TO DO: What you return must be the data below, word for word, without any images.

RAW DATA:
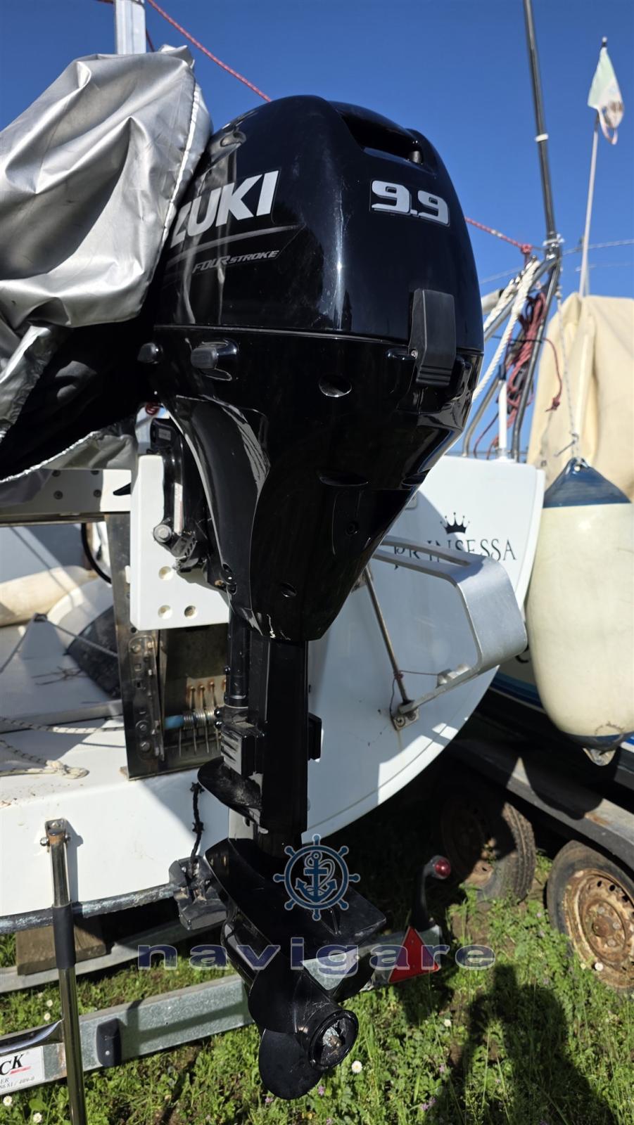 Ecoscandaglio (fishfinder), GPS (GPS Grafico Garmin, con profondimetro), Pilota automatico (Simrad TP10).
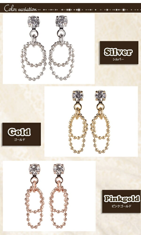 ピアス レディース 金属アレルギー対応 小さなボールを連ねた2本のサークルモチーフスタッドピアス チタン製ポスト 輪っか リング ボールチェーン ラインストーン レディース メール便 送料無料 プチプラ プレゼント 春夏秋冬 大人気
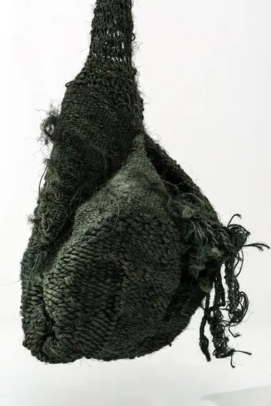 The Polish artist Magdalena Abakanowicz (1930-2017) was a weaver of sculptures. What she did was so radical that it startles even today. She took the conventional flat hanging tapestry woven for thousands of years and remade it in three dimensions. Her weavings are vast objects suspended in space that might feel human – great heads, enormous anatomies – or might be organic, from hills to boughs to serpentine coils and lianas.

WRITTEN SOLUTION:
 Ecoscandaglio (fishfinder), GPS (GPS Grafico Garmin, con profondimetro), Pilota automatico (Simrad TP10).
 ピアス レディース 金属アレルギー対応 小さなボールを連ねた2本のサークルモチーフスタッドピアス チタン製ポスト 輪っか リング ボールチェーン ラインストーン レディース メール便 送料無料 プチプラ プレゼント 春夏秋冬 大人気
 The Polish artist Magdalena Abakanowicz (1930-2017) was a weaver of sculptures. What she did was so radical that it startles even today. She took the conventional flat hanging tapestry woven for thousands of years and remade it in three dimensions. Her weavings are vast objects suspended in space that might feel human – great heads, enormous anatomies – or might be organic, from hills to boughs to serpentine coils and lianas.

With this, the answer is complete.